Collected material:
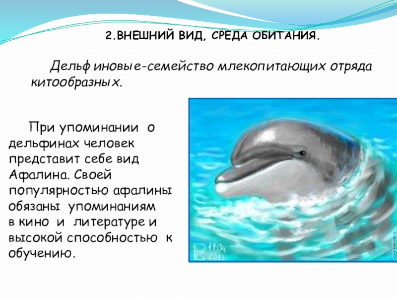 Слайд 6При упоминании о дельфинах человек представит себе вид Афалина.
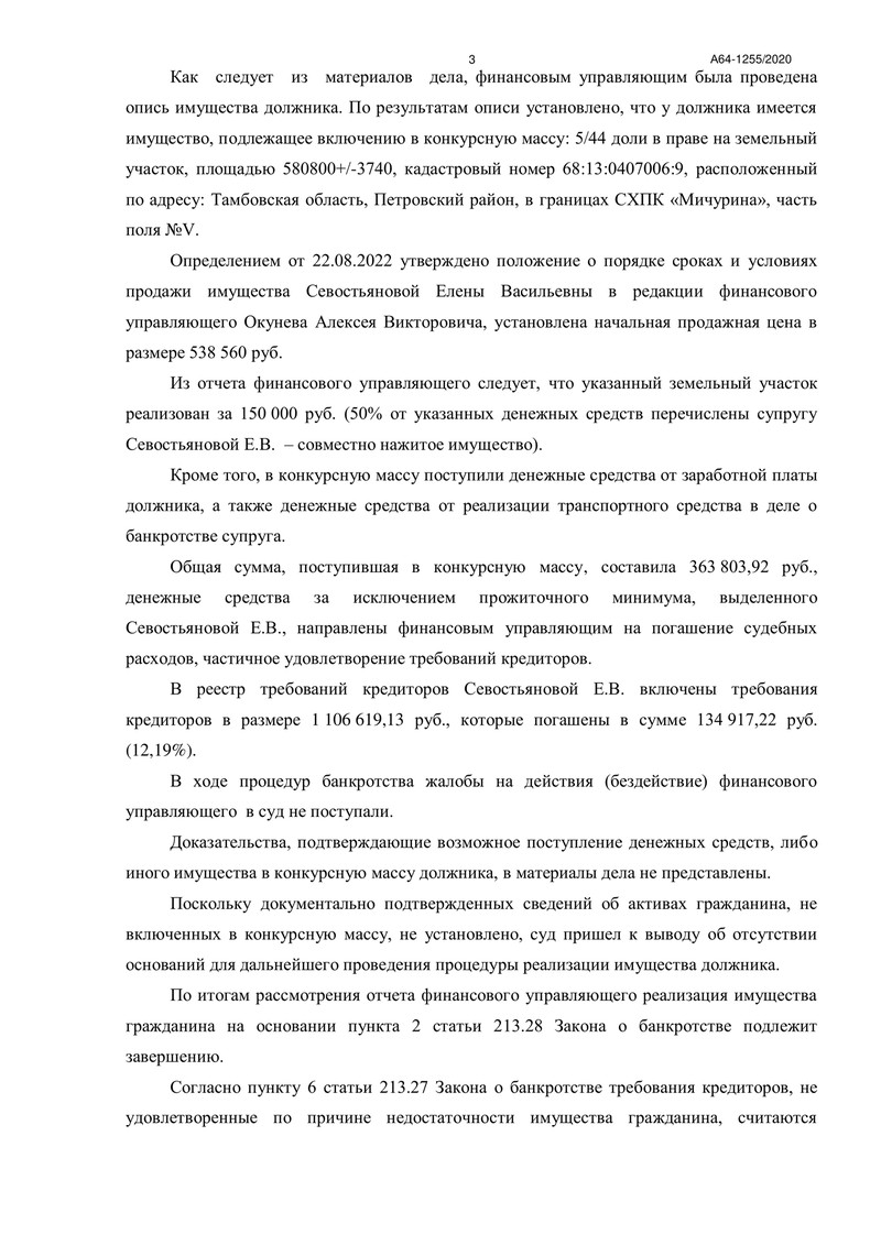 В реестр требований кредиторов были включены требования на сумму 1 106 619 рублей, из которых погашено удалось погасить 134 917 рублей (12,19%). За время проведения процедуры жалобы на действия финансового управляющего не поступали, что свидетельствует о качестве и прозрачности проведенной им работы.
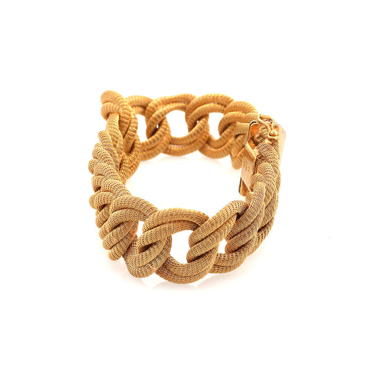 Estate 18 Karat Yellow Gold Interlocking Double Textured Oval Link Bracelet With Hidden Box Clasp
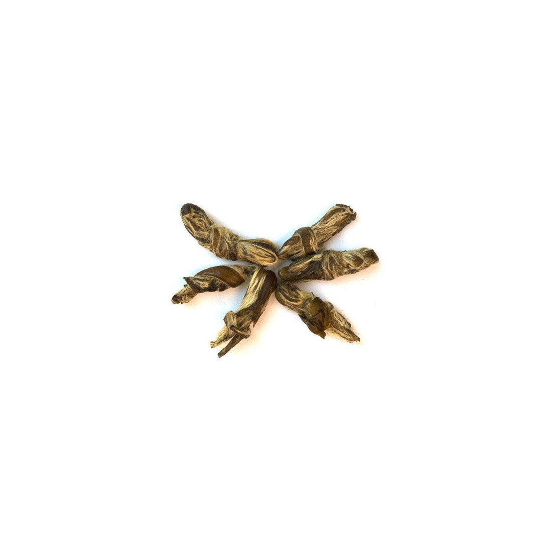 Пов'язаний вручну у вигляді метелика. Приблизно на третій заварці метелики розв'яжуться, і чайник заповниться товстими бруньками. Чай заварюється дуже м'яко та довго.

What the exercise asks:
Once the pictures are set aside, give the rest of the material again unchanged.

Solution for this problem:
 Слайд 6При упоминании о дельфинах человек представит себе вид Афалина.
 В реестр требований кредиторов были включены требования на сумму 1 106 619 рублей, из которых погашено удалось погасить 134 917 рублей (12,19%). За время проведения процедуры жалобы на действия финансового управляющего не поступали, что свидетельствует о качестве и прозрачности проведенной им работы.
 Estate 18 Karat Yellow Gold Interlocking Double Textured Oval Link Bracelet With Hidden Box Clasp
 Пов'язаний вручну у вигляді метелика. Приблизно на третій заварці метелики розв'яжуться, і чайник заповниться товстими бруньками. Чай заварюється дуже м'яко та довго.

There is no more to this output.